Output the complete listing exactly, please, and keep the pictures out of it.

## Source data
######
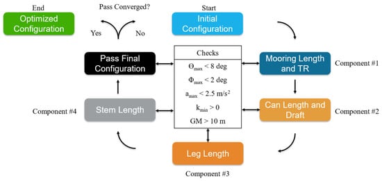 In general, the results indicate that an optimization scheme as shown in Figure 6 is reasonable, but that the can bracing could be added as an additional component and maximum surge added as an additional constraint. Moreover, the component order could be changed to ensure that the components with design variables that have a higher per-meter influence on SMA equivalent mass and the constraints (e.g., as indicted in Table 7) are considered first.
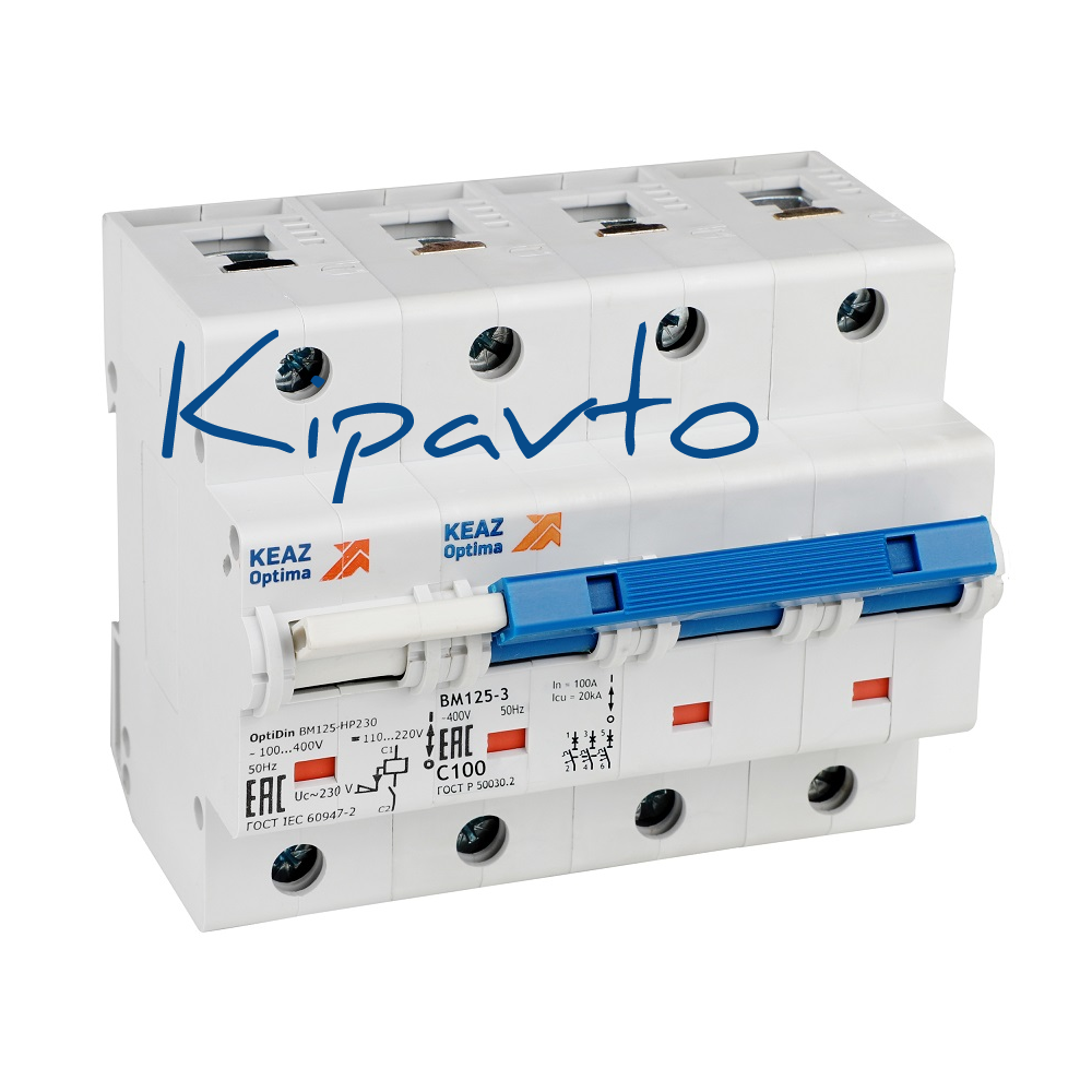 Выключатель автоматический трехполюсный 80А С с независимым расцепителем OptiDin BM125-3C80-НР-8ln-УХЛ4
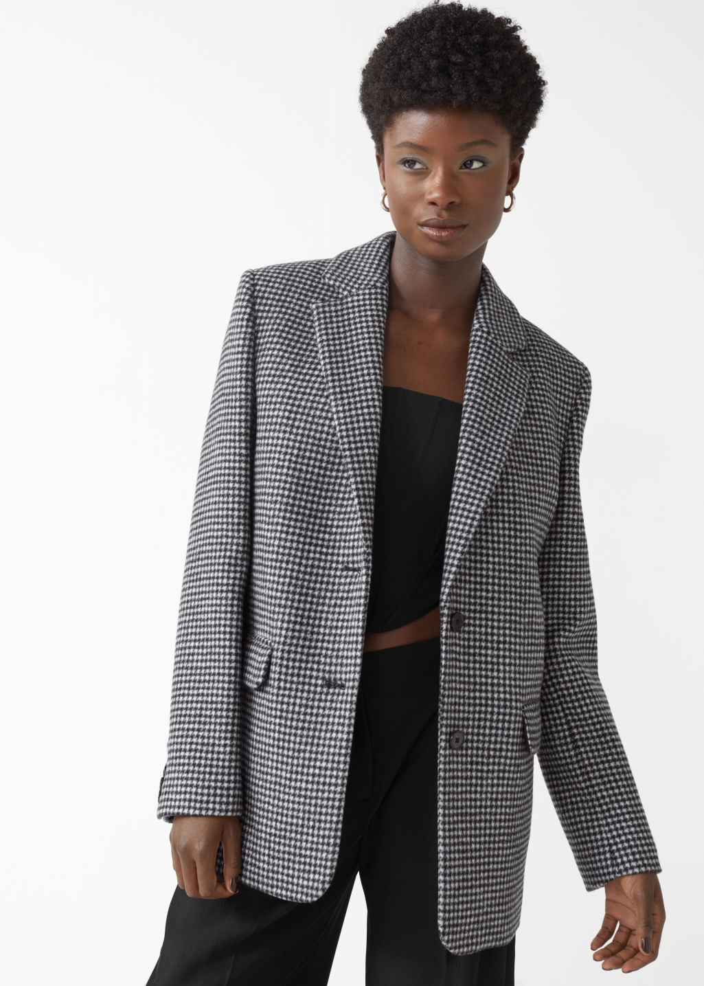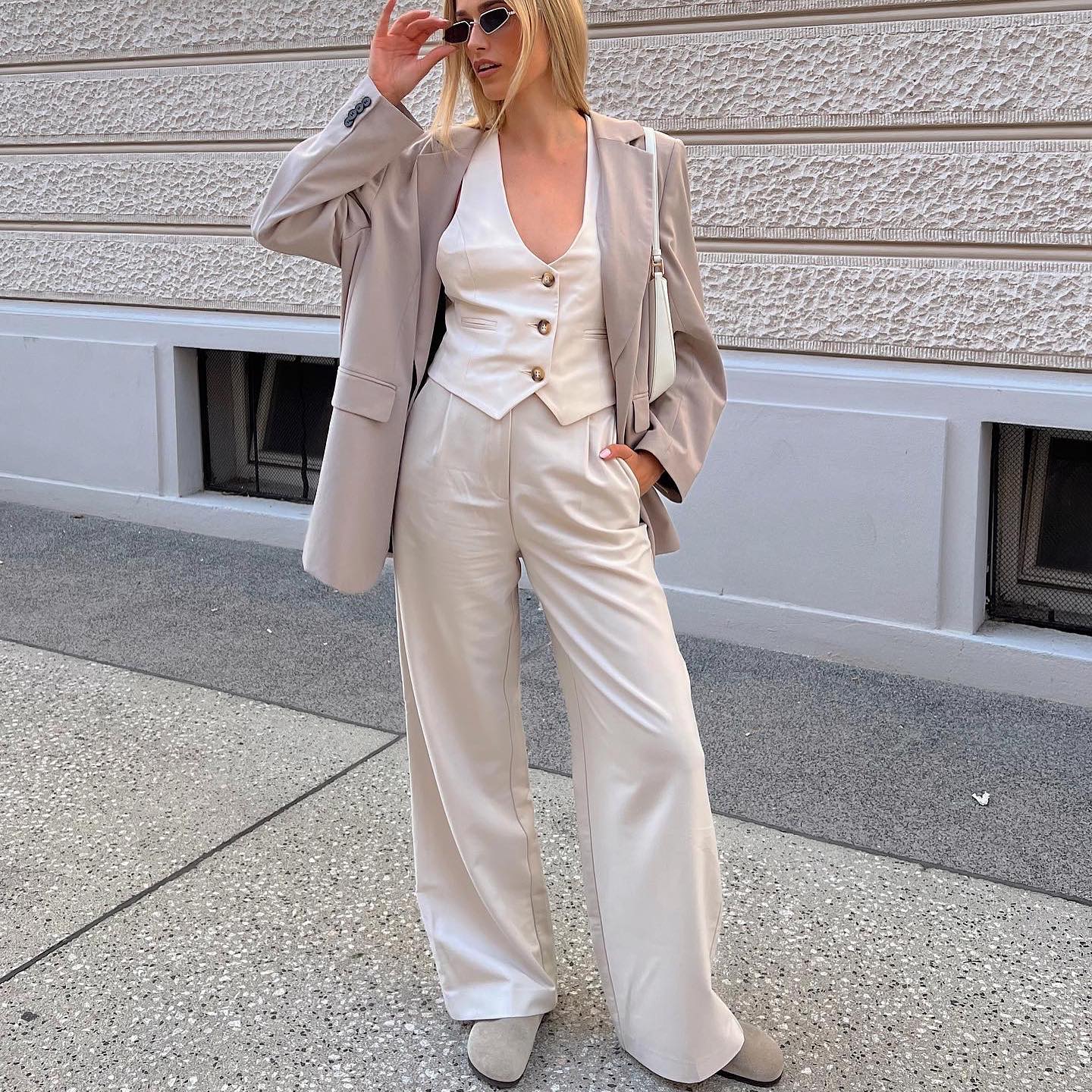 Oversized suknjič v nevtralnih odtenkih, ki je videti kot iz moške omare, bo v hladnejših jesenskih dneh prevzel vlogo jakne, zato ga bomo nonšalantno oblekle čez puli, pozimi pa bo predstavljal eno od plasti pod plaščem.
######
## Exercise output
 In general, the results indicate that an optimization scheme as shown in Figure 6 is reasonable, but that the can bracing could be added as an additional component and maximum surge added as an additional constraint. Moreover, the component order could be changed to ensure that the components with design variables that have a higher per-meter influence on SMA equivalent mass and the constraints (e.g., as indicted in Table 7) are considered first.
 Выключатель автоматический трехполюсный 80А С с независимым расцепителем OptiDin BM125-3C80-НР-8ln-УХЛ4
 Oversized suknjič v nevtralnih odtenkih, ki je videti kot iz moške omare, bo v hladnejših jesenskih dneh prevzel vlogo jakne, zato ga bomo nonšalantno oblekle čez puli, pozimi pa bo predstavljal eno od plasti pod plaščem.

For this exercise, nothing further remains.